Show that all Polygonal sequences generated by the Series of Arithmetic sequence with common difference `d, d in ZZ` are polygonal sequences that can be generated by `a_n = an^2+bn+c`?

Answer 1

`a_n=P_n^(d+2)= an^2+b^n+c`
with `a=d/2; b=(2-d)/2; c=0`
`P_n^(d+2)` is a polygonal series of rank, `r= d+2`
example given an Arithmetic sequence skip counting by `d=3`
you will have a `color(red)(pentagonal)` sequence:
`P_n^color(red)5= 3/2n^2-1/2n` giving `P_n^5={1, color(red)5, 12, 22,35,51, cdots }`

Explanation:

A polygonal sequence is constructed by taking the `nth` sum of an arithmetic sequence.
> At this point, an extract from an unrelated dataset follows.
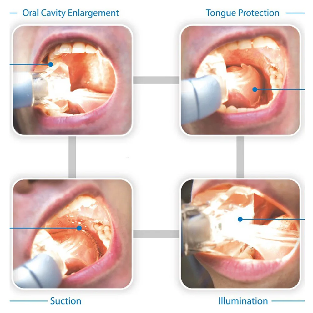 2.Protects the patient’s tongue while optimizing and illuminating intraoral workspace.

In calculus, this would be an integration.
So the key hypothesis here is:
Since the arithmetic sequence is linear (think linear equation) then integrating the linear sequence will result in a polynomial sequence of degree 2.

Now to show this the case
Start with a natural sequence (skip counting by starting with 1)
`a_n = {1, 2,3,4, cdots, n}`
find the nth sum of `S_n = sum_i^(i=n)a_n`
`S_1 = 1; S_2 = 3, S_3=6, cdots`
`S_n = (a_1 + a_n)/2 n;`
`a_n` is Arithmetic Sequence with
`a_n= a_1 +d(n-1); a_1 = 1; d=1`

`S_n = (1+a_n)/2 n= [(1+1+(n-1))]/2n = n(n+1)/2`
`S_n = P_n^3 = {1, 3, 6, 10, cdots, (1/2n^2+1/2n)}`
So with d = 1 the sequence is of the form `P_n^3 = an^2+bn+c`
with `a = 1/2; b=1/2; c = 0`

Now generalize for an arbitrary skip counter `color(red)d`, `color(red)d in color(blue)ZZ` and `a_1 = 1`:

`P_n^(d+2) = S_n = (a_1+a_1+color(red)d(n-1))/2 n`
`P_n^(d+2)= (2+color(red)d(n-1))/2 n`
`P_n^(d+2) =color(red)d/2n^2+(2-color(red)d)n/2`
Which is a general form `P_n^(d+2) =an^2+bn+c`
with `a=color(red)d/2; b=(2-color(red)d)/2; c=0`